Voris is cast as Campbell in the production of “Bring It On,” at 7 p.m. May 9-10, 2 and 7 p.m. May 11 at the high school auditorium.

The musical features music by Tom Kitt and Lin-Manuel Miranda and lyrics by Amanda Green and Miranda, and the book by Jeff Whitty.

“Last year we did such a classic, ‘The Little Mermaid,’ and this is much more modern with full hip-hop choreography,” director Sam Chenoweth said.

Voris said her character is in a lot of the big dance numbers.

“She is all over the place. She never leaves the stage it feels like,” she said. “It’s definitely the biggest role I’ve had and I’m super grateful. It’s definitely more modern than anything Carmel has done before with the hip-hop take on it. I think it’s something the whole student body will enjoy because it’s set in a high school setting. It’s something everyone can relate to.”

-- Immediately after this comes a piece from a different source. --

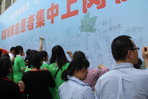 2014年5月8日,南京市文明办、志愿者协会联合奥体社区举办“迎青奥倒计时100天、南京成城市志愿者集中上岗启动仪式”。大会由市文明办副主任、市志愿者协会执行副会长吴静主持,市委宣传部副部长、市文明办主任、市志愿者协会常务副会长曹劲松讲话。大会为南京志愿者之星颁发奖章和证书,为城市文明市民督导员代表颁民聘书,城市志愿者代表发言,全体志愿者集体宣誓。活动高潮部分是全体志愿者在签名墙上签名,最后各地志愿者学习、观摩了奥体社区城市志愿服务服务台、城市志愿书吧、58058080便民热线、社区课堂、筝情之家、“全民付”银联便民服务终端设备等。

Campbell is named captain of the Truman squad before her life gets turned upside down.

“It’s been a dream of her’s as long as she can remember to be captain of her cheerleading squad,” Voris said. “She gets re-districted to Jackson High School, which is an inner-city school with no cheerleading squad. She still has a dream of competing at cheerleading nationals and she creates a squad at the new school. She becomes unlikely friends with Bridget, another girl transferred from Truman, and creates a squad with Danielle (Laney McNamar), who is the queen bee of Jackson. At nationals, she does have to compete against Truman. It’s kind of the main conflict.”

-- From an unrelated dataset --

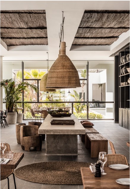 تمزج وحدات الإقامة بين الوسائد المطرزة البيضاء والأقمشة الحرفية، وقد تم توقيع الديكور من قبل المصمم الداخلي الأنيق، أنابيل كوتوكو، المعروفة بتصميم فندق سكوربيوس في ميكونوس.

Voris was a cheerleader for her first two years at CHS. She is one of four performers in the production with high school cheerleading experience.

“My sophomore year I did Ambassadors and cheerleading, and it was a lot to do both,” Voris said.

Truman uses more traditional cheerleading and Jackson is more like hip-hop.

“It did help knowing how stunting works and the safety of it,” Voris said. “The dancing for the Truman part of the squad is cheer-based, so there is sharper movement. My dance background from Ambassadors and a studio has helped me for the Jackson part because there is a lot more hip-hop. It’s cool I get the best of both worlds.”

Junior Natalie Hammond portrays Eva, one of the cheerleaders.

“She’s the mean girl and she is practically the conflict of the whole show,” Hammond said. “I’m used to getting the mean parts and I aways seem to get like the short, mean girl. It’s fun to change from what I do normally during the day and come (to rehearsal) and be mean and sassy.”